WHAT YOU NEED TO DO: Please set out each line below exactly as it stands, without the images.

MATERIAL PROVIDED:

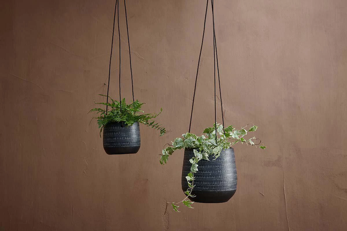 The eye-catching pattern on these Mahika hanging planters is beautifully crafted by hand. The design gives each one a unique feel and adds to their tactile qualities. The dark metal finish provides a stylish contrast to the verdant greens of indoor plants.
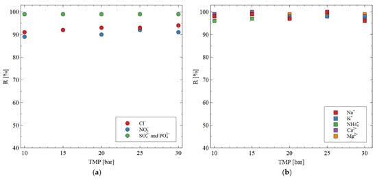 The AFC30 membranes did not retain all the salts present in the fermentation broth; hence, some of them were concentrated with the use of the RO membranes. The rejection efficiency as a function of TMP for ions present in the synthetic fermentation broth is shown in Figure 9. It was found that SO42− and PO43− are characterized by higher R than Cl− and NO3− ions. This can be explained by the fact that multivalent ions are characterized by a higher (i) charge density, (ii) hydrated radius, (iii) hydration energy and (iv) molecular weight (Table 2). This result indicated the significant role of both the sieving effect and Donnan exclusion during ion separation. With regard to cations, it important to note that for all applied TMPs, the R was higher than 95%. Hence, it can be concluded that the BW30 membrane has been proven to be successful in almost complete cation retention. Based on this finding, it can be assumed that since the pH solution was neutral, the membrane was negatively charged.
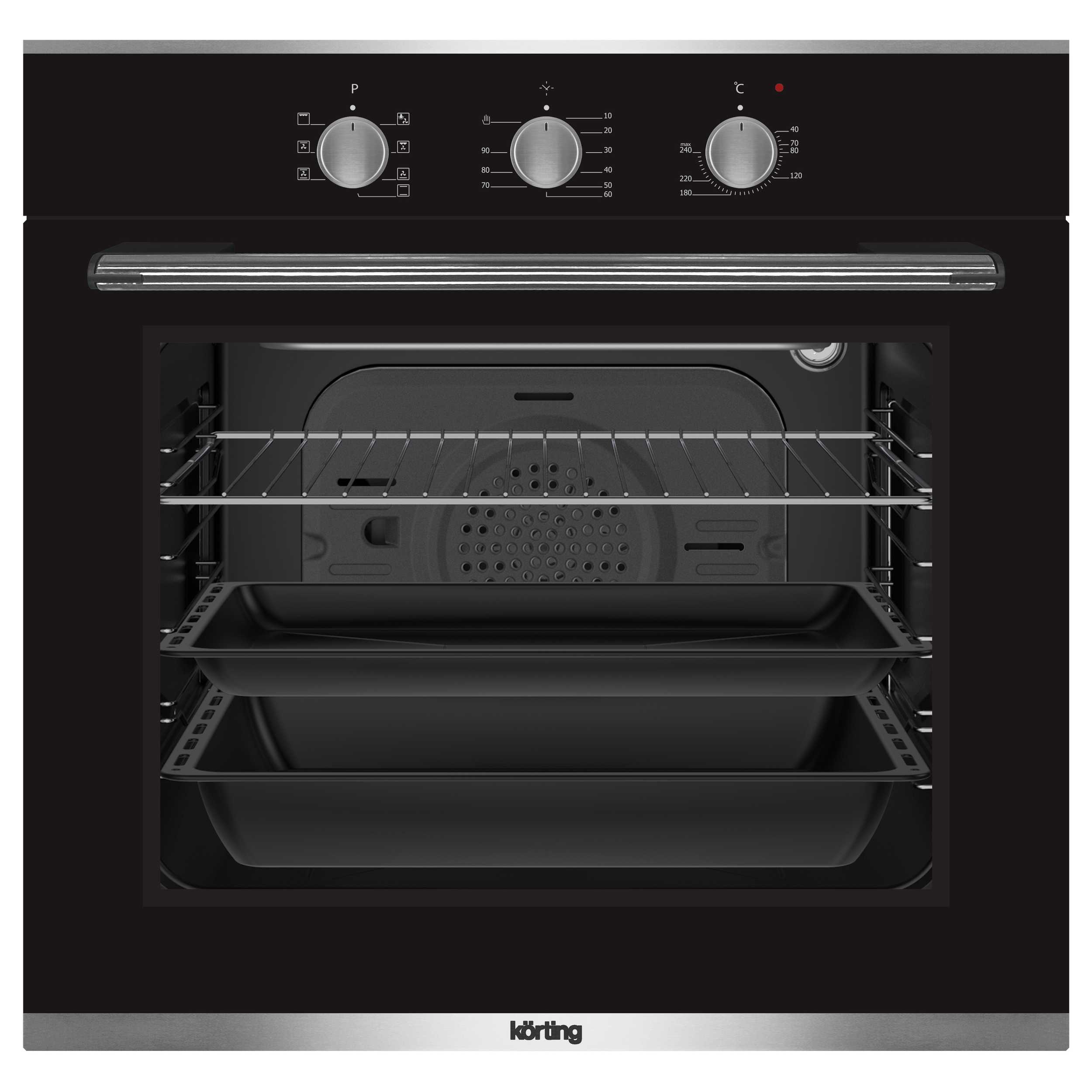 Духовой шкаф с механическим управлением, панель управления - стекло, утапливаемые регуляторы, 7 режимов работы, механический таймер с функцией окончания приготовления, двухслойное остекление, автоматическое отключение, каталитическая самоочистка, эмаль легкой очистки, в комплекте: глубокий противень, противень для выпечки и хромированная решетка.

SOLUTION FOR THIS PROBLEM:
 The eye-catching pattern on these Mahika hanging planters is beautifully crafted by hand. The design gives each one a unique feel and adds to their tactile qualities. The dark metal finish provides a stylish contrast to the verdant greens of indoor plants.
 The AFC30 membranes did not retain all the salts present in the fermentation broth; hence, some of them were concentrated with the use of the RO membranes. The rejection efficiency as a function of TMP for ions present in the synthetic fermentation broth is shown in Figure 9. It was found that SO42− and PO43− are characterized by higher R than Cl− and NO3− ions. This can be explained by the fact that multivalent ions are characterized by a higher (i) charge density, (ii) hydrated radius, (iii) hydration energy and (iv) molecular weight (Table 2). This result indicated the significant role of both the sieving effect and Donnan exclusion during ion separation. With regard to cations, it important to note that for all applied TMPs, the R was higher than 95%. Hence, it can be concluded that the BW30 membrane has been proven to be successful in almost complete cation retention. Based on this finding, it can be assumed that since the pH solution was neutral, the membrane was negatively charged.
 Духовой шкаф с механическим управлением, панель управления - стекло, утапливаемые регуляторы, 7 режимов работы, механический таймер с функцией окончания приготовления, двухслойное остекление, автоматическое отключение, каталитическая самоочистка, эмаль легкой очистки, в комплекте: глубокий противень, противень для выпечки и хромированная решетка.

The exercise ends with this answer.